Qualcomm is joining Intel, Nvidia, and more in the artificial intelligence (AI) chip race. The chipmaker announced at an event in San Francisco that it would be releasing samples of its Cloud AI 100 family of accelerators later this year, with mass production expected beginning in 2020.
This new 7-nanometer (nm) chip is built to meet the demand for AI inference workload processing in the cloud, the company says.
AI workloads are split into two areas: training and inference. Training is the process of learning a new capability from existing data, whereas AI inference refers to the process of applying this capability (often AI algorithms) to new data. Reuters reported that analysts are predicting that speeding up inference will comprise the largest part of the AI chip market.
According to Qualcomm, this AI chip will use its existing signal processing and power efficiency, but it will raise the bar set by its Snapdragon mobile processors. In a prepared statement, Keith Kressin, SVP of product management at Qualcomm, said that the Cloud AI 100 “will significantly raise the bar for the AI inference processing relative to any combination of central processing units, graphics processing units, and/or field-programmable gate arrays used in today’s data centers.”
The chipmaker claims that the Cloud AI 100 will deliver 10 times the performance of other AI inference offerings in the market today.
Leveraging its existing technology power efficiency — namely consuming small amounts of electricity and generating very little heat — from its mobile chips, Qualcomm is aiming to serve smaller “edge” data sites with its AI chips.
The chip will offer support for a number of software stacks including PyTorch, Glow, TensorFlow, Keras, and Open Neural Network Exchange.
Qualcomm said it will begin testing the chip in the second half of 2019 with companies such as Microsoft Azure, and it hopes to begin shipping in 2020.
The AI Chip
The AI chip market is becoming increasingly crowded.
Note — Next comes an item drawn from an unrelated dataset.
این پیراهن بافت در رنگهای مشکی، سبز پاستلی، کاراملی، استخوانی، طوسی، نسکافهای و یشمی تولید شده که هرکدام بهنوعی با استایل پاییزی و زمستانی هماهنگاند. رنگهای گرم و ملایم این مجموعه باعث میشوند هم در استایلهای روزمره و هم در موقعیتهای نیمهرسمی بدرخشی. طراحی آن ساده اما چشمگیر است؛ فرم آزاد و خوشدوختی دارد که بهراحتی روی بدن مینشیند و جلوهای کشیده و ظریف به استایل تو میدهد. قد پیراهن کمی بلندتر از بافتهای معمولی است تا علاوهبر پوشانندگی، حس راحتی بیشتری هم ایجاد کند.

Intel said in January that it is working with Facebook to develop AI chips, also built for AI inference workloads. The company is planning to start production of these new processors in the second half of the year.
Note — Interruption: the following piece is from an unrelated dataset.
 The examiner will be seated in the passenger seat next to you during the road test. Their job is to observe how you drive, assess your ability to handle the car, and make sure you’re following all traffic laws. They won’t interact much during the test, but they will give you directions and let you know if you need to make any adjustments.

Nvidia has been developing a new generation of its T4 data center chips that will support machine learning interfacing, video processing, increased graphics performance, and you guessed it — AI inference. This is all part of its greater data center strategy to push AI into the data center.
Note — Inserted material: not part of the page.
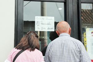 En la puerta del Banco del Pueblo Soberano, de Porlamar Municipio Mariño Isla de Margarita, Estado Nueva Esparta, reposa un papel que dice que sólo atenderán a diez pensionados por día, una situación que generó controversia entre los habitantes que desde el día anterior se apostaron en la entrada de la entidad financiera para entregar la proforma y hacer sus transacciones.

Huawei announced in January a new data center switch that uses its AI chip to boost network performance. It first unveiled its work on Ascend 910 and low power 310 AI processors — which are 7nm chips based on its AI architecture — at Huawei Connect in October.
Even cloud providers are getting into the AI mix. Chinese internet, search and cloud provider Baidu debuted its Kunlun AI chip last July, to be used for both training and inference.
Google, as part of its end-to-end AI stack, first announced its AI-focused tensor processing units (TPU) in 2016 and has launched two updated versions. It has also partnered with several chip vendors including NXP Semiconductors, Arm, Harting, Hitachi Vantara, Nexcom, and Nokia to bring these TPU kits to market.
Amazon Web Services (AWS), last November, also debuted its Inferentia machine learning chip for inference workloads.